When did Mr. Marsh have actual notice of the order?
[35] The next issue to be determined is when Mr. Marsh had actual notice of the order. As noted above, Inivos and Mr. Fentiman must prove beyond a reasonable doubt that Mr. Marsh had actual knowledge of the November 7 order. It may be possible for the court to infer knowledge in the circumstances. Inivos and Mr. Fentiman may also prove that Mr. Marsh is liable based on the wilful blindness doctrine. [19]
[36] I accept Mr. Marsh’s evidence that he did not even see the order until December 2, 2023. For that reason, combined with my finding above about merely leaving postings accessible, I find that he could not have committed an act of contempt before December 2, 2023, at the very earliest.

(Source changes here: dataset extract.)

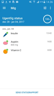 Slip bekymringerne for glemte doser med Medisafes pålidelige påmindelser, der aktiveres selv når din enhed er i dvale. Du kan personalisere din oplevelse ved at vælge en påmindelseslyd, der passer perfekt ind i din dag. Appen giver dig et klart overblik over dagens medicinplan, så du nemt kan markere hver dosis som taget, efterhånden som du kommer igennem dem. Skulle en dosis blive glemt, kan Medisafe, hvis du ønsker det, diskret underrette en betroet "Med-Ven" (familiemedlem eller plejer), så de kan minde dig om det.

[37] I do not accept the evidence of Inivos and Mr. Fentiman about what social media notifications Mr. Marsh may have seen. There was no expert evidence to explain to me how the notifications would have worked, or what Mr. Marsh’s social media settings were at any specific point in time. I do not accept the submission that Mr. Marsh “ought to have been aware” of the existence of the order due to these notifications. Such speculation cannot ground a finding of civil contempt.
[38] I also accept Mr. Marsh’s evidence that he was unaware of the portions of the order that he is alleged to have breached until January 1, 2024. In his affidavit, he states that he did not download the documents from the website of counsel for Inivos and Mr. Fentiman until December 3, 2023. He states that he was overwhelmed by the sheer volume of documents and triaged them by reading the first page of each document. One of the documents stated that Inivos and Mr. Fentiman were requiring him to be the subject of a judgment debtor examination arising out of litigation Inivos commenced against him in Saskatchewan. He then focussed on that document, given the immediacy of the issue it raised. His affidavit states:
I received a total of 35 separate documents, totaling 3355 pages. Needless to say, for a layman this was overwhelming, as much of the language employed was opaque, but also threatening.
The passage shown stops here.